We must make every single one a page worth reading—load it with tactile experiences, visceral action, thought-provoking dialog—and the reader will be happy.

6. Mistakes: too many protagonists.

“It’s everybody’s story, which means it’s nobody’s story, which means the reader has no one to identify with, and the reader’s real life echoes louder in their head than the call of our story.”

You must pick a protagonist!!

7. Surprise the reader!

“Curiosity killed the cat, and it will kill our reader too, and they will love it!

That’s how good our ‘surprise’ must be: worth trading their life for. Because they actually are giving up a piece of their life to us—hours of time that they could spend doing something else—and they will never get that piece back again.

The thing about curiosity is that the reader doesn’t know what the heck is going on… 
Amateur peer critiques are always telling each other: “I don’t understand what’s going on here!” Of course they don’t. That’s why they have to keep reading! 

8. Be FUN!

We’re not just surprising. We’re not just mysterious. We’re not even just chock-o-block full of fabulous, riveting conflict and an endless series of quite intelligent and forceful attempts to resolve those conflicts. We’re fun to hang out with!

“We’re secretive—then honest. We’re twisted—then straight-forward. We’re subtle—then heartrendingly naked.”

Push-pull, push-pull.

This is charm, people. This is addictive charisma!
You know what’s the best kind of book to write? The kind that gets little rips in the bottoms of the pages from readers turning the pages too fast.

On every single page: Make something exciting happen!!

9. You know what nobody wants to read?

A novel about people being boring. We must write fiction that’s thrilling and entertaining enough to get attention even in this era of inescapable stimuli. Fiction that our reader reads because they simply can’t help themselves! 

10. The technique: resonance.

This is the simplest technique ever, but aspiring writers rarely know about it. Resonance is that wonderful reverberating feeling inside the reader that makes their whole body feel like it’s been gong’d. Gonging a reader is putting them between two large brass gongs and giving it a hearty whangngngng!!!!

Great novels always have Resonance. The reader reels back in their chair at the end shrieking: “That was toooooooo fabulous!”

11. Add Mystery!

“…but clear clue to our Climax somewhere near the very beginning, then spending the rest of the novel drawing the reader’s attention away from it. This is why mystery writers have to put the culprit in the first 1/4-1/3 of the novel.”
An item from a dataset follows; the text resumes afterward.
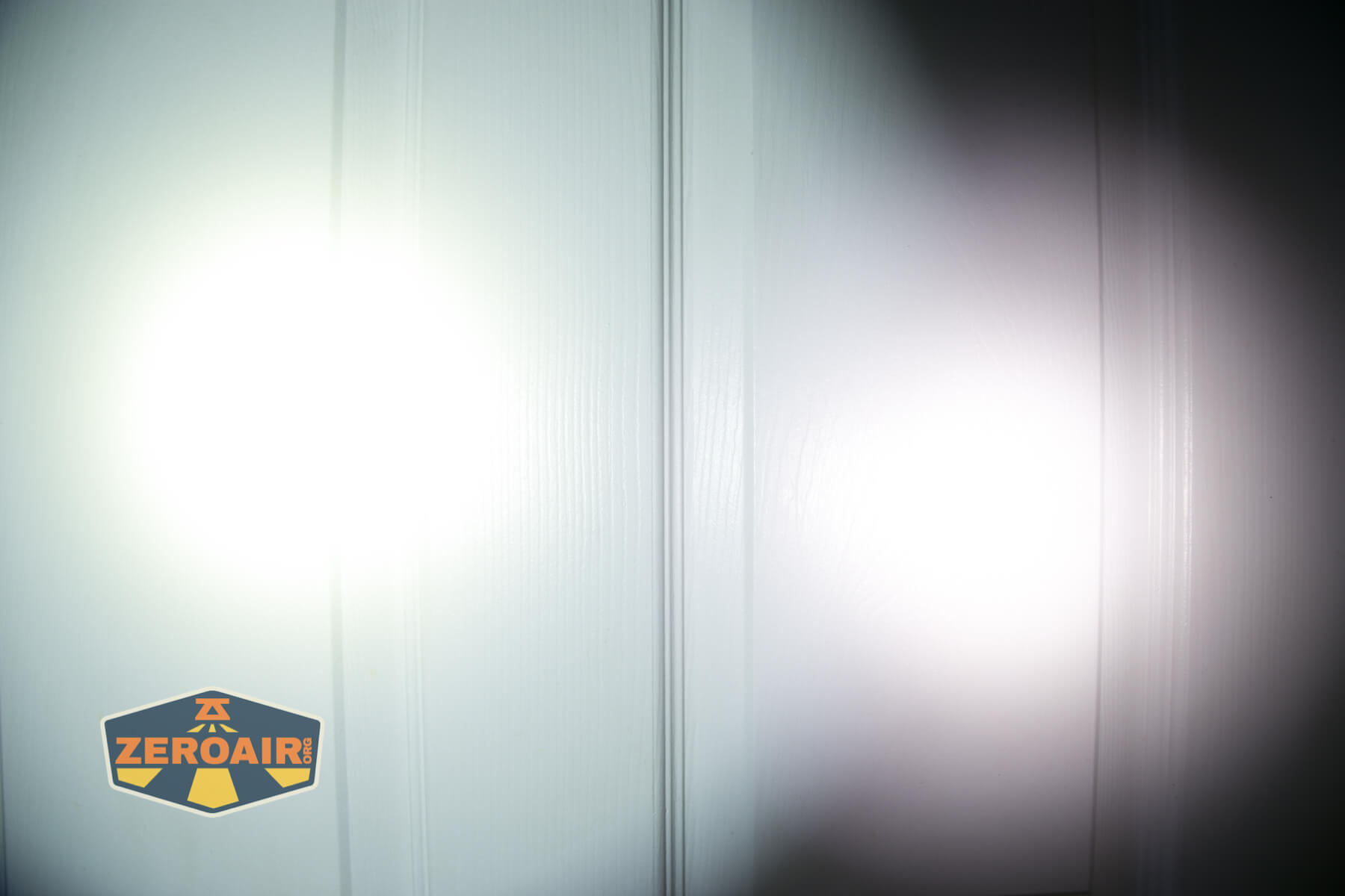 Here’s the test light with the venerable Convoy S2+. Mine is a custom “baked” edition Nichia 219b triple. A very nice 18650 light!

The simplest technique ever!

A rivulet of Ink

Advertisements

raynotbradbury View All

Living in Sweden. Awesome. Happy. Ayurvedic food. Healthy lifestyle. Dogs. Literature. Painting. Meditation/Yoga. I love my life.
"It does not matter how long you are spending on the earth, how much money you have gathered or how much attention you have received. It is the amount of positive vibration you have radiated in life that matters" A. Ray
Contact: vickanohlsson@gmail.com

91 thoughts on “Secrets are…the very root of cool. William Gibson Leave a comment

  1. There is one thing I would like to add to this. As a student screenwriter 11 plus years ago, there can be a clot in the scene of dialog. Having 3 or more characters talk in 1 scene can leave the readers confused. Sure, it is less evident I screenwriting, but more obvious in novel form.

    Liked by 2 people

    • yes, true. I agree with you on that, sometimes it is necessary tho, but it should be clear then who is talking and the dialogues shouldn’t be tooooo long 🙂 to get lost is easy haha

      Like

      • If it is not necessary for the story advancement, don’t add a line for nother character just to be cute. Many do and it just sounds out of place even when you have it read out loud to you. Over the years, I have developed my own ways of inking out the unnecessary things. And, the only way is through editing. And, editing. And, more editing. Some of my stories are on its 2nd edit. I have just recently turned back to writing full time and spent much of the time making certain that the mistakes I made 11 years are limited or nonexistent.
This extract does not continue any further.